Iain Murray, director of public financial management at the Chartered Institute of Public Finance and Accountancy (CIPFA) said the government needed to act urgently to prevent Somerset and other local authorities going to the wall in large numbers in the spring.
He said: "This report comes at a critical moment and reinforces the growing chasm between the demands placed on local government and the funding available to meet them.
"Without immediate, urgent and coordinated action, vital services will be placed at even greater risk.
"The committee rightly highlights that the failure to plan beyond the statutory SEND deficit override, and the impact of new burdens like increased national insurance contributions, is creating unsustainable pressure on councils.
"This lack of joined-up government undermines financial resilience and front-line service delivery.
"This isn't just a fiscal issue – it has real consequences for vulnerable people, particularly children and adults in receipt of social care and children with special educational needs and disabilities.The government's recent Spending Review announcements on reform need to have a greater sense of urgency in light of this report.
"We strongly support the PAC's focus on prevention and outcomes.
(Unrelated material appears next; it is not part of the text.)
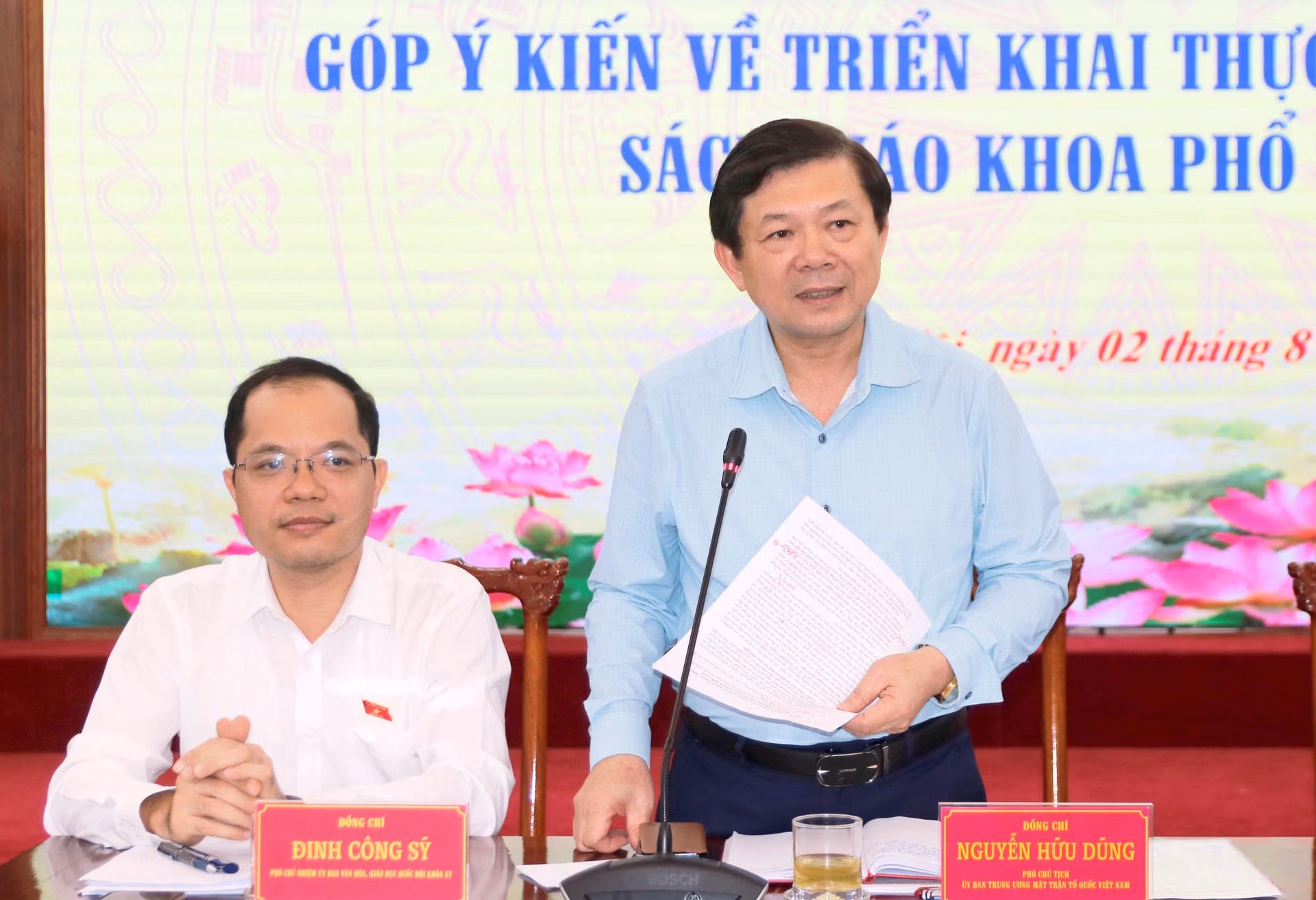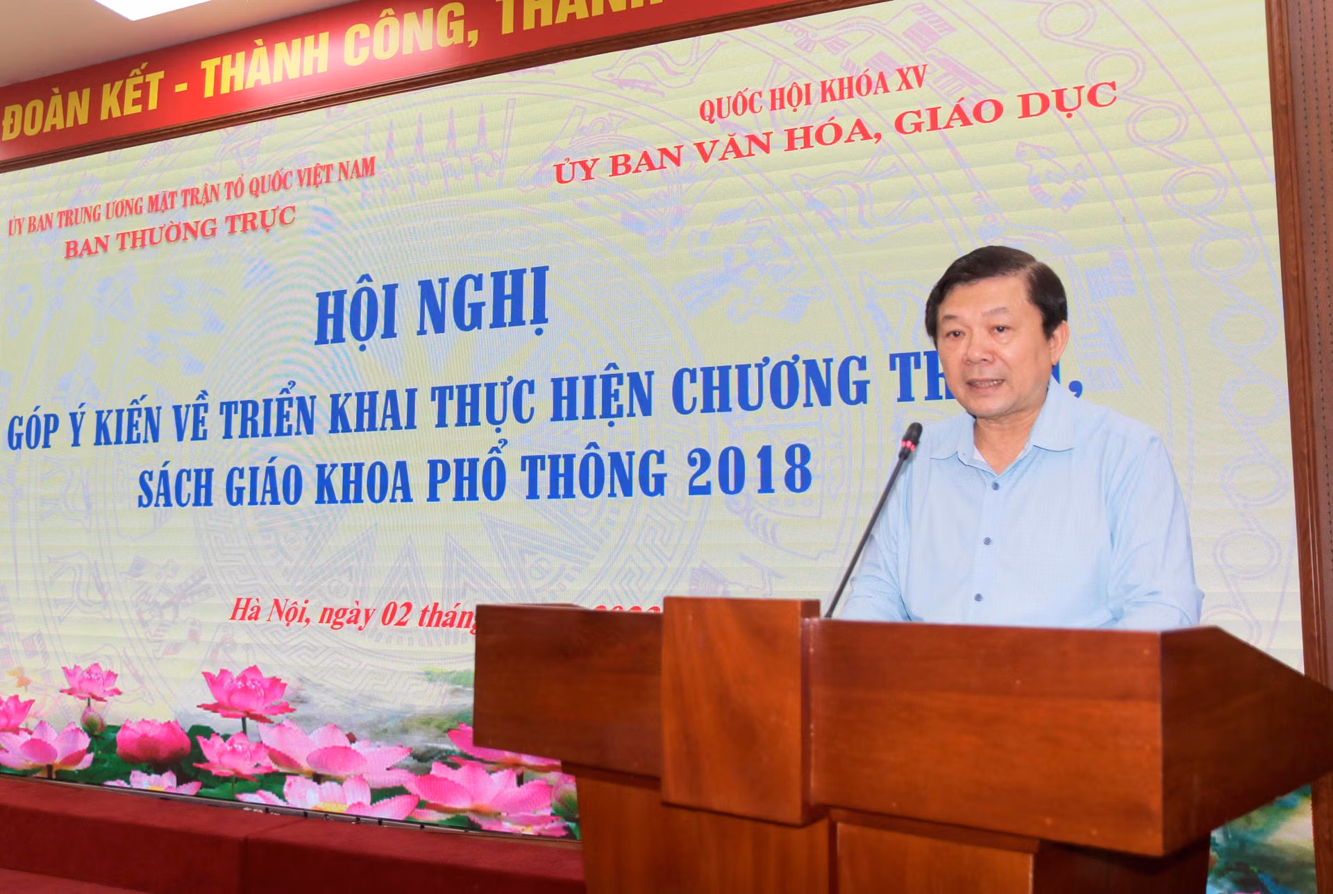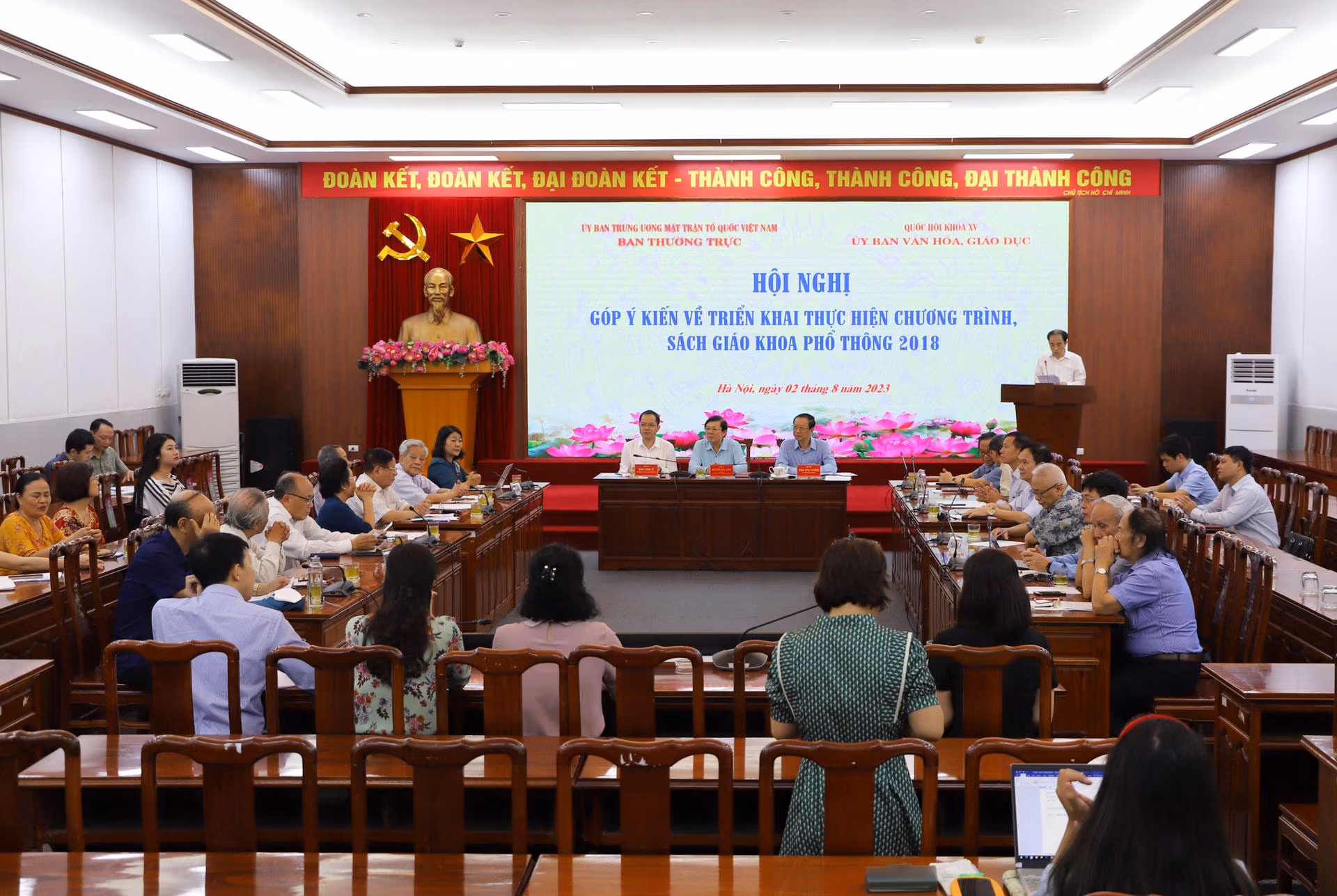 Ngày 2/8, tại Hà Nội, Ban Thường trực UBTƯ MTTQ Việt Nam phối hợp với Ủy ban Văn hóa Giáo dục của Quốc hội tổ chức Hội nghị góp ý kiến về triển khai thực hiện chương trình, sách giáo khoa (SGK) phổ thông 2018.

The current model leaves councils stuck in a cycle of reactive spending, with early intervention services underfunded and overstretched.
"To deliver reform, councils need proper tools, support and coordinated action. The government has a narrow window to act – it must seize this opportunity to restore local government sustainability before systemic failure becomes inevitable."
A further update on the DSG override is expected to come before the council's children and families scrutiny committee at its next meeting on June 30.